On School Prayer
All during my school years, elementary and secondary, I remember those first minutes of the day, Monday through Friday from September to June: we arrive in the classroom, we sit down and are called to order, our teacher reads to us from the Bible, we pray, then we stand and salute the flag, and to it and our country pledge our allegiance. When my own children came of school age I was utterly amazed to learn that none of that routine was to be theirs. School prayers were not for the offspring of the liberal intelligentsia, nor saluting the flag. What if there were a child in the classroom who had his doubts about the existence of God? What if, indeed, his parents were convinced atheists, and have taught him a similar line of thinking? What about the First Amendment, and the Supreme Court’s rulings?
As for the flag, when my children had started school the American flag, in one sad and thoroughly obnoxious display after another, was being dragged through the streets, spat upon, desecrated, mocked. Should children be “indoctrinated,” I began to hear asked, in “vulgar nationalism” (one remark I heard in a New England town meeting in 1970), or in “chauvinism,” another description I heard compared unfavorably to — well, “the philosophy of spaceship earth,” which urges commitment to what the speaker called “a larger entity”? Only to such “entities” ought we “feel loyalty,” he kept insisting.

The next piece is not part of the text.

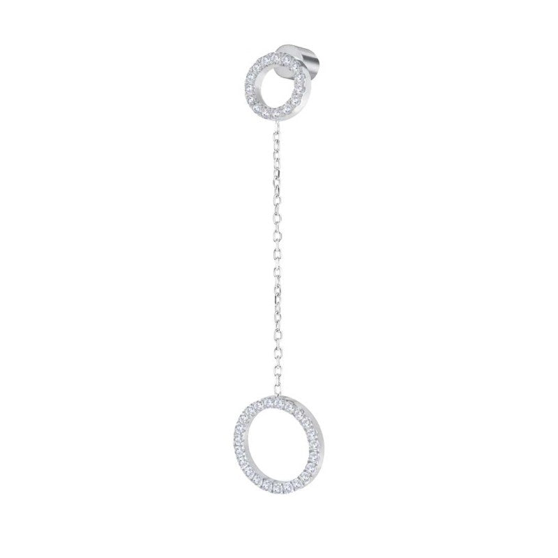 Mono orecchino in acciaio con elemento a cerchio di diametro 0,8 cm con cubic zirconia bianchi con catena cross con pendente elemento a cerchio di diametro 1,2 cm con cubic zirconia bianchi. Lunghezza totale 5,4 cm. Materiali: acciaio, cubic zirconia
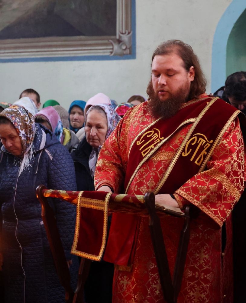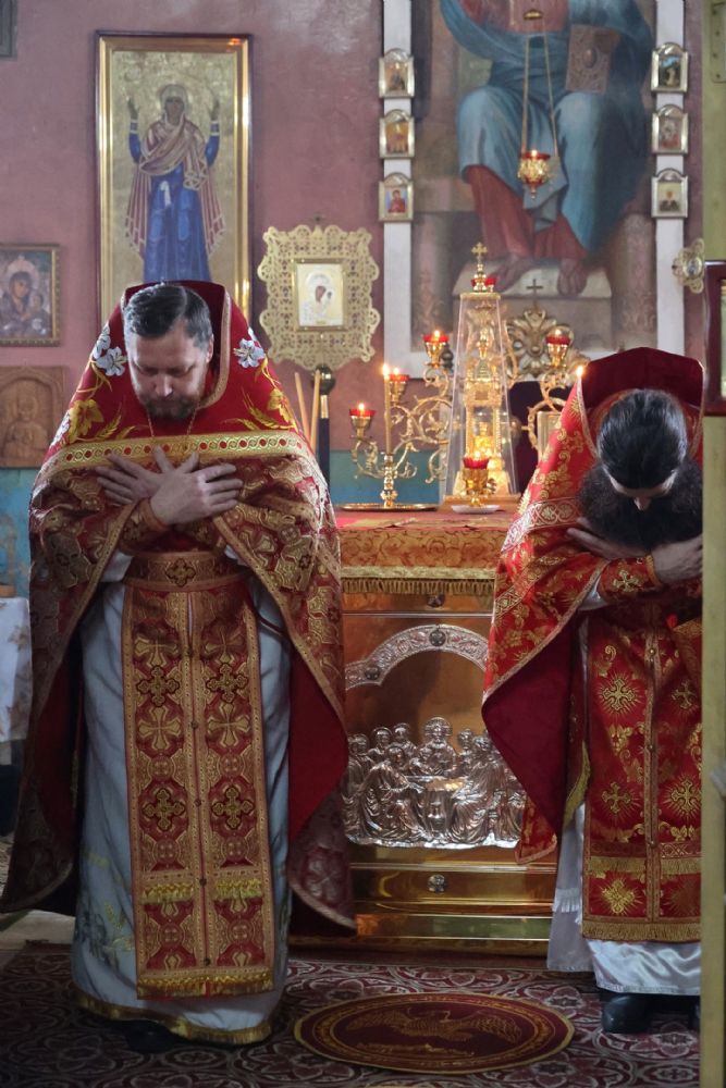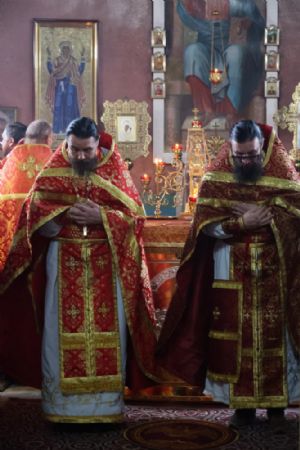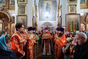 Владыке сослужили благочинный Волжского церковного округа иерей Иоанн Белинский, настоятель храма великомученика Димитрия Солунского протоиерей Евгений Бакутов, настоятель храма Рождества Христова с. Арино протоиерей Николай Чузаев, настоятель храма Покрова Пресвятой Богородицы с.Эмеково протоиерей Евгений Усков, настоятель храма Пресвятой Троицы с. Сотнур иерей Игорь Сапаев, клирики Никольского кафедрального собора г. Волжска иерей Димитрий Карпетченко и диакон Иоанн Захаров. Песнопения исполнял хор Димитриевского храма.

At the time and later, I was more than a little perplexed by my own conflicts as to what and whom I should “feel loyalty.” I had been much involved in the civil rights struggles of the early 1960s, and I had been saddened and angered by the way both Democrats and Republicans (Johnson and Nixon) were conducting our various adventures abroad, in Vietnam, Chile, the Philippines, and yes, Central America: a sad spectacle of collusion with awful, awful “principalities and powers,” all in the name of an “anti-communism,” which itself helps maintain or generates corrupt statist oligarchies. Meanwhile, there is the horror of so-called “communism” — the dictatorships that control Poland and Rumania and Czechoslovakia and, not least, Cuba; and of course, the horror of the murderous sponsor, the band in charge of the Kremlin. But as I come up with this recitation, I feel, yet again, a surge of gratitude for being an American — that I don’t live in a totalitarian country, whether of the “Right” or the “Left,” that even with the serious flaws in America’s foreign policy, it is a country I can deeply love, and toward which I can “feel loyalty.”